▸ THE PROBLEM:
All entries below need to be written out exactly, but without their pictures.
[RECORDS TO USE — start]
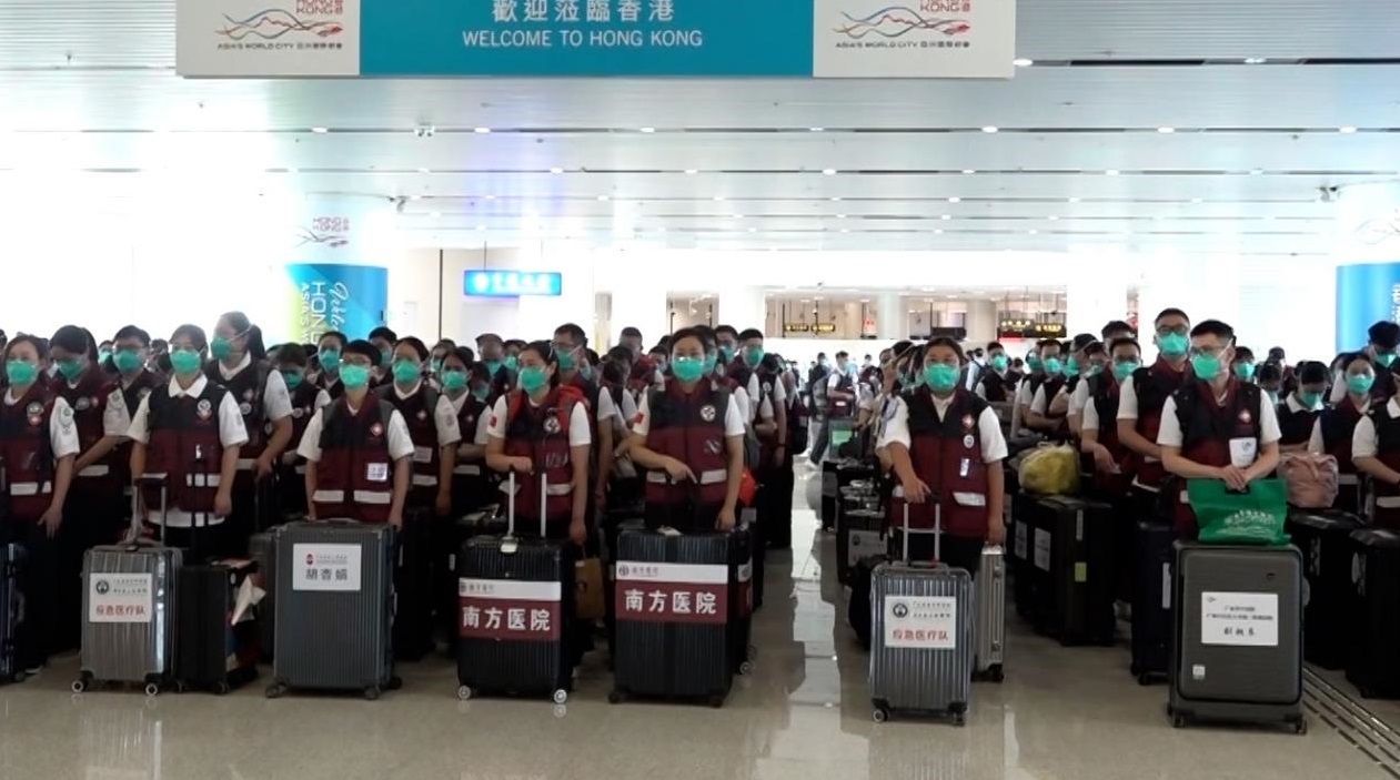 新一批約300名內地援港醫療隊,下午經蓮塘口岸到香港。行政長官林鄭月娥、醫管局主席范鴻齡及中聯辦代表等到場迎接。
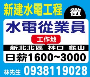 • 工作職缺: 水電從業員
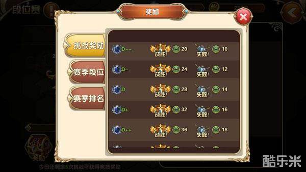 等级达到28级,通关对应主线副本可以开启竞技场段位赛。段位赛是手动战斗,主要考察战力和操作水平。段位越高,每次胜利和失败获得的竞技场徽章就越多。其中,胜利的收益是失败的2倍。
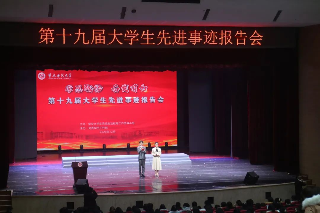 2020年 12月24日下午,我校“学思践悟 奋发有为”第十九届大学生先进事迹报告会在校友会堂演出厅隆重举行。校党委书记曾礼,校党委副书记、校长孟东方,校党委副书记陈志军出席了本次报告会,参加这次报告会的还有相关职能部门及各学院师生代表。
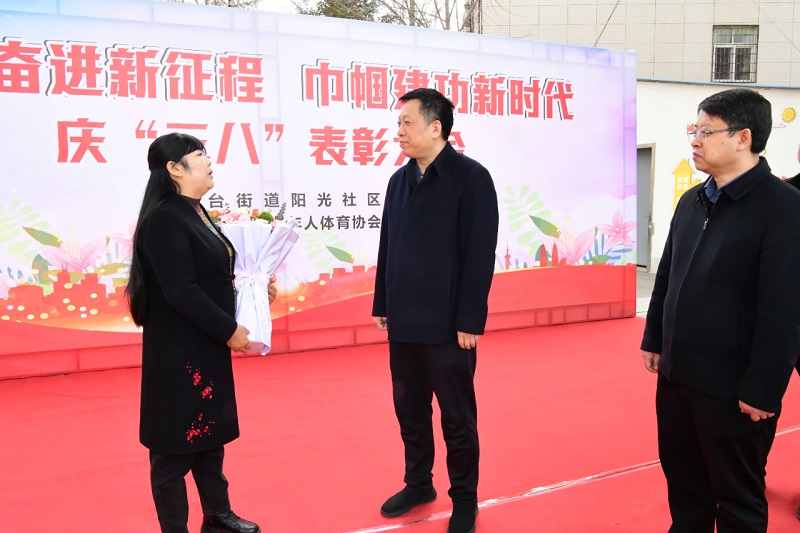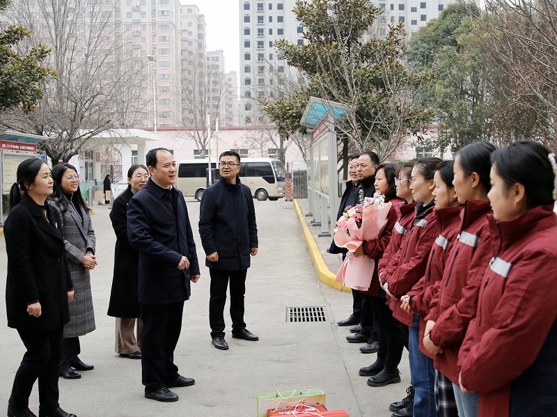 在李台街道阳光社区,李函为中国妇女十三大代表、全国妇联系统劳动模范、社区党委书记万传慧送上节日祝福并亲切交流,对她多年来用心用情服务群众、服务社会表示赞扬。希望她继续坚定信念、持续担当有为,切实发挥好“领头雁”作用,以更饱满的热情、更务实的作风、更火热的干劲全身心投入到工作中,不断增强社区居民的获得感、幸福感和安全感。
[RECORDS TO USE — finish]
▸ ANSWER BOX:
 新一批約300名內地援港醫療隊,下午經蓮塘口岸到香港。行政長官林鄭月娥、醫管局主席范鴻齡及中聯辦代表等到場迎接。
 • 工作職缺: 水電從業員
 等级达到28级,通关对应主线副本可以开启竞技场段位赛。段位赛是手动战斗,主要考察战力和操作水平。段位越高,每次胜利和失败获得的竞技场徽章就越多。其中,胜利的收益是失败的2倍。
 2020年 12月24日下午,我校“学思践悟 奋发有为”第十九届大学生先进事迹报告会在校友会堂演出厅隆重举行。校党委书记曾礼,校党委副书记、校长孟东方,校党委副书记陈志军出席了本次报告会,参加这次报告会的还有相关职能部门及各学院师生代表。
 在李台街道阳光社区,李函为中国妇女十三大代表、全国妇联系统劳动模范、社区党委书记万传慧送上节日祝福并亲切交流,对她多年来用心用情服务群众、服务社会表示赞扬。希望她继续坚定信念、持续担当有为,切实发挥好“领头雁”作用,以更饱满的热情、更务实的作风、更火热的干劲全身心投入到工作中,不断增强社区居民的获得感、幸福感和安全感。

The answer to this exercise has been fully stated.